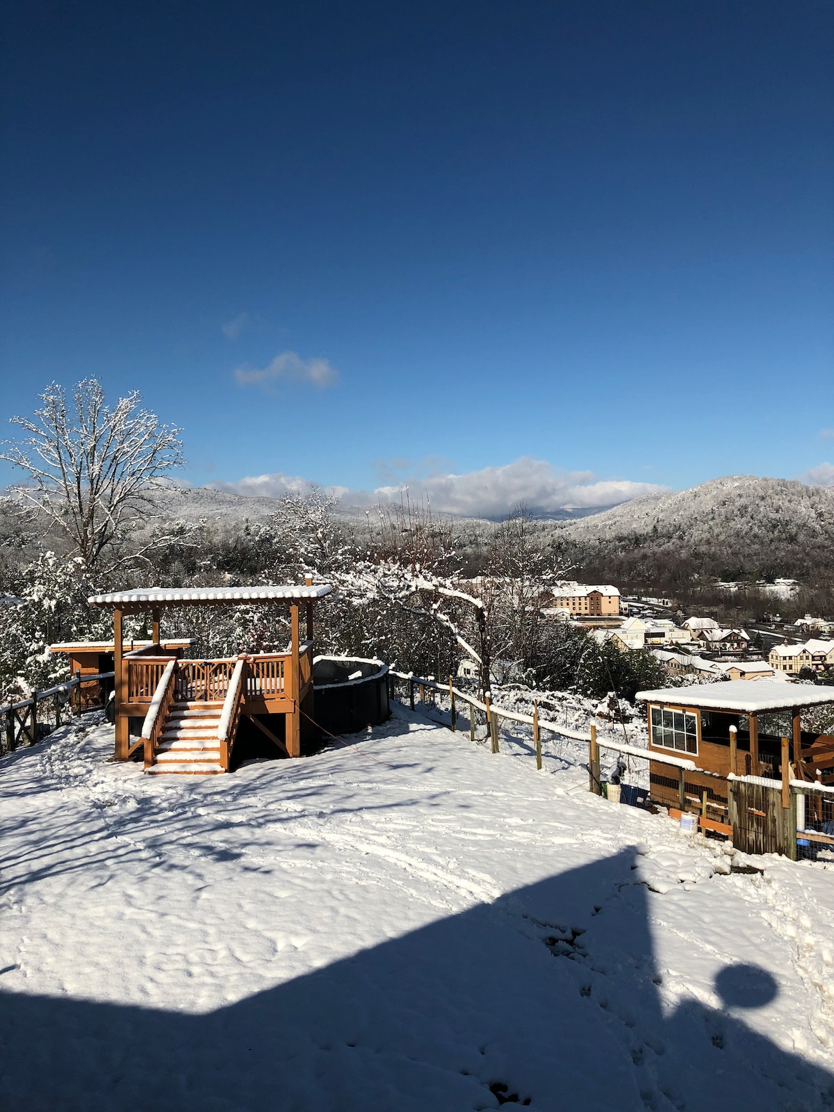 Kabin Nyaman dengan Pemandangan Gunung dengan Perapian + Bak Mandi Air Panas
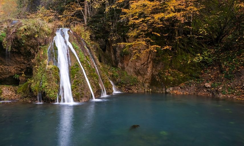 Kastamonu'nun Azdavay ilçesindeki Saray köyünde yer alan Saray Şelalesi, sonbaharın yeşil, sarı ve kahverenginin tonlarıyla mevsimin görsel zenginliğini sunuyor.
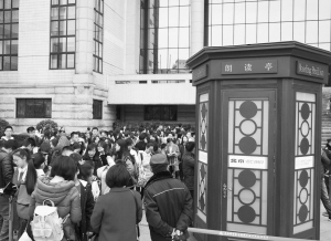 3月5日,上海图书馆知识广场朗读亭前排起长队。
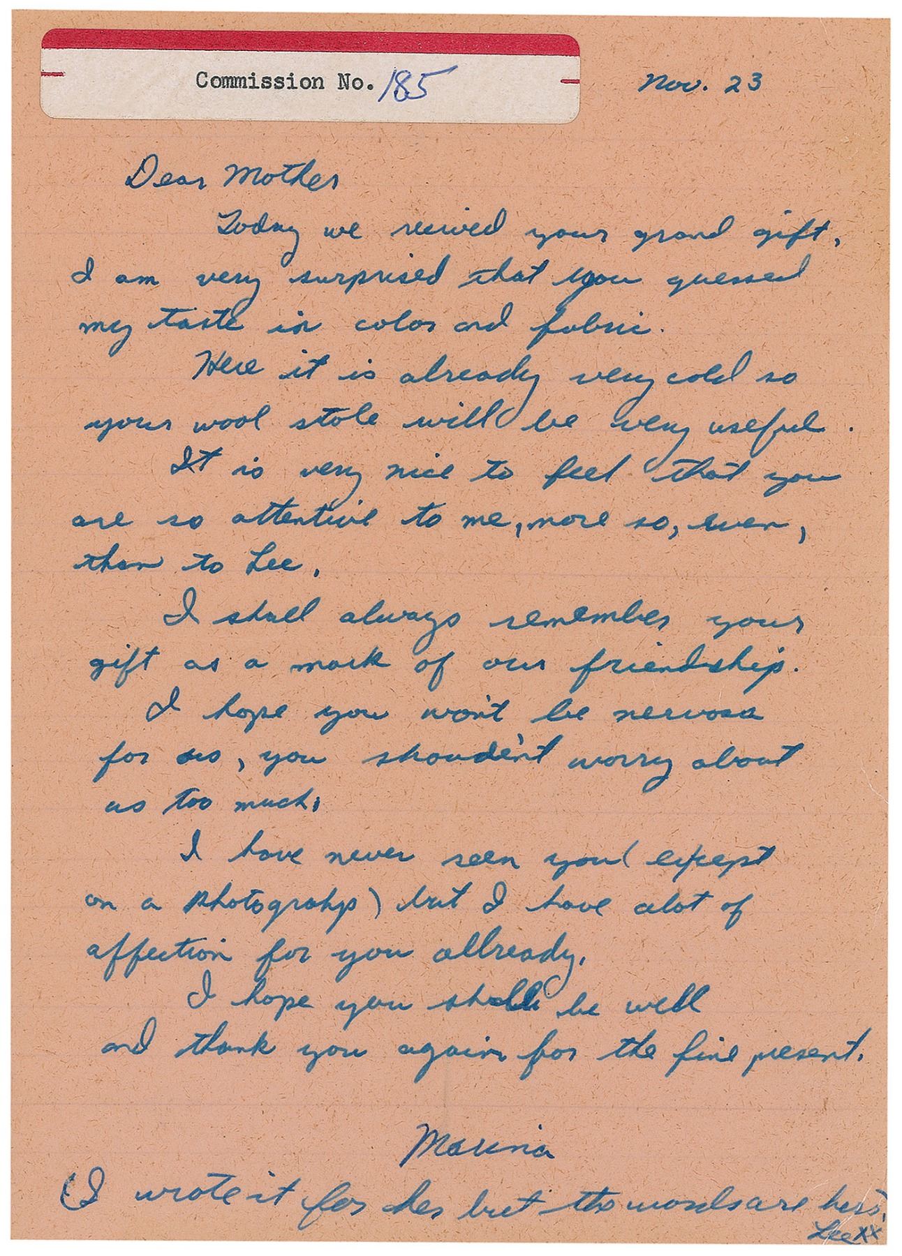 ALS, one page, lightly-lined, 5.5 x 8, November 23, [1961]. Letter written in Oswald’s hand for his wife to his mother, signed by Oswald on her behalf, “Marina,” and signed again by Oswald at the conclusion of a short postscript, “Lee xx.” In full: “Today we received your grand gift, I am very surprised that you guessed my taste in color and fabric. Here it is already very cold so your wool stole will be very useful. It is very nice to feel that you are so attentive to me, more so, even, than to Lee. I shall always remember your gift as a mark of our friendship. I hope you won’t be nervous for us, you shouldn’t worry about us too much. I have never seen you (except on a photograhp [sic]) but I have a lot of affection for you allready [sic]. I hope you shall be well and thank you again for the fine present.” At the bottom Oswald writes, “(I wrote it for her but the words are hers), Lee xx.” This letter was an official exhibit (No. 185) in the Warren Commission investigation into JFK’s assassination and, like most of the exhibits, is protectively and permanently soft-laminated. In fine condition. Oswald noted in a diary kept during this period—with the sentiment clearly expressed here as well—that Marina’s mother-in-law seemed more attentive to her than to her own son. Two years after composing this letter for his wife—almost to the day—Oswald assassinated President John F. Kennedy. The Warren Commission used Oswald’s correspondence in their determination of what drove this assassin to make his appearance on the sixth floor of the Texas School Book Depository that November afternoon. From the collection of Dr. John K. Lattimer, the first non-governmental medical specialist to review evidence in the Kennedy assassination.

__________

ASSIGNMENT: Skip the pictures and restate exactly the lines from the beginning of the listing to the line with "3月5日,上海图书馆知识广场朗读亭前排起长队。", that line included.

EXERCISE OUTPUT:
 Kabin Nyaman dengan Pemandangan Gunung dengan Perapian + Bak Mandi Air Panas
 Kastamonu'nun Azdavay ilçesindeki Saray köyünde yer alan Saray Şelalesi, sonbaharın yeşil, sarı ve kahverenginin tonlarıyla mevsimin görsel zenginliğini sunuyor.
 3月5日,上海图书馆知识广场朗读亭前排起长队。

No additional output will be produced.